User:Bjelleklang/Internet spam
From Wikipedia, the free encyclopedia
Internet spam is a term used to describe various forms of spam ocurring on the internet. This takes several forms, but the most common are related to message boards, blogs and e-mail.
Contents
|
[edit] History
[edit] Usenet
Spamming of Usenet newsgroups pre-dates most forms of electronic spam, with the first widely recognized Usenet spam posted on January 18, 1994 by Clarence L. Thomas IV, a sysadmin at Andrews University.[1][2] Entitled "Global Alert for All: Jesus is Coming Soon",[3] it was a fundamentalist religious tract claiming that "this world's history is coming to a climax." The newsgroup posting bot Serdar Argic also appeared in early 1994, posting tens of thousands of messages to various newsgroups, consisting of identical copies of a political screed relating to the Armenian Genocide.

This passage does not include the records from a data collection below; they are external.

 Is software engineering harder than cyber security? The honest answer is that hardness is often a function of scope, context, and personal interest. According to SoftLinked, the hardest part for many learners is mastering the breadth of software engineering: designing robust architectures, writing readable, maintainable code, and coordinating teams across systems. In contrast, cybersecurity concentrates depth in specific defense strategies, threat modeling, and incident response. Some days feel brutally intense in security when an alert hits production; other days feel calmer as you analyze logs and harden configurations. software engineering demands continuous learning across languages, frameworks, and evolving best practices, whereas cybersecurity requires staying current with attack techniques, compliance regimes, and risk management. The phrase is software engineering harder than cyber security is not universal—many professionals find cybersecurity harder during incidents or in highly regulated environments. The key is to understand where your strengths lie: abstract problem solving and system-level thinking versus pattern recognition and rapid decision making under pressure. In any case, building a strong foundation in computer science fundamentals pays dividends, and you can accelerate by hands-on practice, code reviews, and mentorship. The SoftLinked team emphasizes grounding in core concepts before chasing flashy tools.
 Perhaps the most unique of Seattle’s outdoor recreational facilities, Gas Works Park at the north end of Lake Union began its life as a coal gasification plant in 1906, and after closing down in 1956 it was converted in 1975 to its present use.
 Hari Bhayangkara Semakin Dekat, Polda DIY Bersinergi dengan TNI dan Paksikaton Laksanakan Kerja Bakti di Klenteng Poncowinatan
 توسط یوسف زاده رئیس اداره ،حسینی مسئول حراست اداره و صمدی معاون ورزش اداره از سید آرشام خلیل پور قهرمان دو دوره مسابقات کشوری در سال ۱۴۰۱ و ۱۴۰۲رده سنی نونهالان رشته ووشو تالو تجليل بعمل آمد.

The first commercial Usenet spam,[4][2] and the one which is often (mistakenly) claimed to be the first Usenet spam of any sort, was an advertisement for legal services entitled "Green Card Lottery - Final One?".[5] It was posted in April 1994 by Arizona lawyers Laurence Canter and Martha Siegel, and hawked legal representation for United States immigrants seeking papers ("green cards").
Usenet convention defines spamming as excessive multiple posting, that is, the repeated posting of a message (or substantially similar messages). During the early 1990s there was substantial controversy among Usenet system administrators (news admins) over the use of cancel messages to control spam. A cancel message is a directive to news servers to delete a posting, causing it to be inaccessible to those who might read it. Some regarded this as a bad precedent, leaning towards censorship, while others considered it a proper use of the available tools to control the growing spam problem.

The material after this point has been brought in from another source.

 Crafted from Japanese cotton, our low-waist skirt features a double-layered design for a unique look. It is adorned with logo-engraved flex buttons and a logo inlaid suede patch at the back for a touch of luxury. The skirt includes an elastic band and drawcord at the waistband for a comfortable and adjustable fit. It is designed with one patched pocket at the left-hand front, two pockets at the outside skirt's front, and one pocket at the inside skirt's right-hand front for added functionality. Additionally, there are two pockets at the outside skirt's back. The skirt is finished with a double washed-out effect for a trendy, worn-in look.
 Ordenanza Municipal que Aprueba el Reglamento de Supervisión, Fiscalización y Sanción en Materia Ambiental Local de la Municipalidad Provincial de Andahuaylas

A culture of neutrality towards content precluded defining spam on the basis of advertisement or commercial solicitations. The word "spam" was usually taken to mean excessive multiple posting (EMP), and other neologisms were coined for other abuses — such as "velveeta" (from the processed cheese product) for excessive cross-posting.[6] A subset of spam was deemed cancellable spam, for which it is considered justified to issue third-party cancel messages.[7]
In the late 1990s, spam became used as a means of vandalising newsgroups, with malicious users committing acts of sporgery to make targeted newsgroups all but unreadable without heavily filtering. A prominent example occurred in alt.religion.scientology. Another known example is the Meow Wars.

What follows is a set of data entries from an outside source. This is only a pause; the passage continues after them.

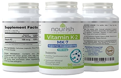 -. Feature : *PURE and NATURAL Vitamin K2 - Mk7 * High Potency and Premium Quality* EASY SWALLOW VCaps / SUPERIOR Bioavailability & Absorpbtion, Supports Healthy Cardiovascular, Kidney function and Insulin Sensitivity / FAST ACTING - Clinical Studies show that Vitamin K2 Mk7 stays in the Blood Stream 10x longer than MK4. / USE with Vitamin D3 to Direct CALCIUM to the BONES and TEETH - Supporting improved Bone Density, Soft tissue and Arterial Health / *SALE* - 3 MONTHS SUPPLY. 100% Satisfaction Guaranteed!! Suitable for Vegitarians & Made in USA.
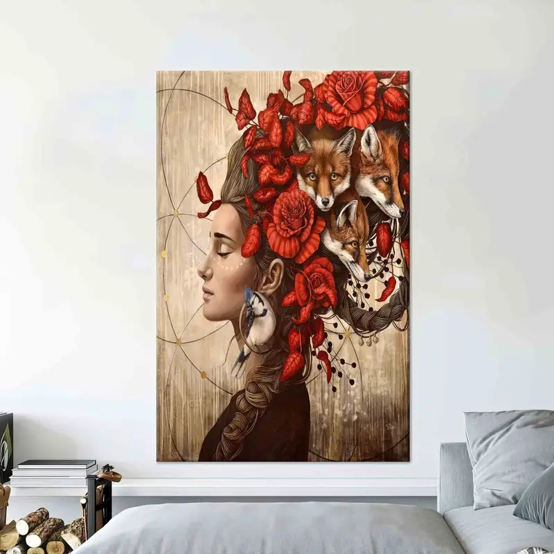 Elegant Canvas Art: Abstract Woman and Bird Print
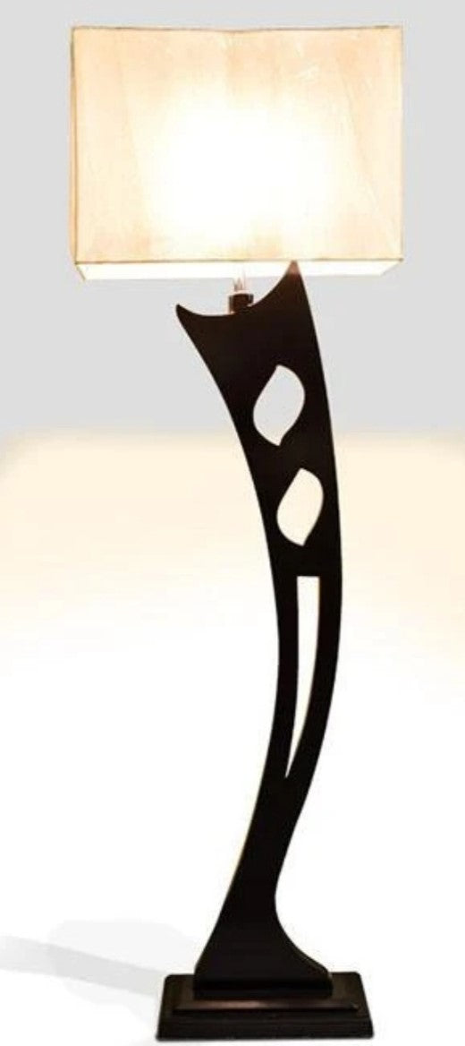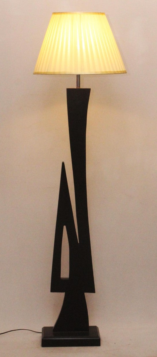 This modern floor lamp features an artistic abstract wooden base paired with a warm pleated fabric shade, offering a perfect mix of creative form and ambient lighting for stylish interiors.

The prevalence of Usenet spam led to the development of the Breidbart Index as an objective measure of a message's "spamminess". The use of the BI and spam-detection software has led to Usenet being policed by anti-spam volunteers, who purge newsgroups of spam by sending cancels and filtering it out on the way into servers. This very active form of policing has meant that Usenet is a far less attractive target to spammers than it used to be, and most of the industrial-scale spammers have now moved into e-mail spam instead.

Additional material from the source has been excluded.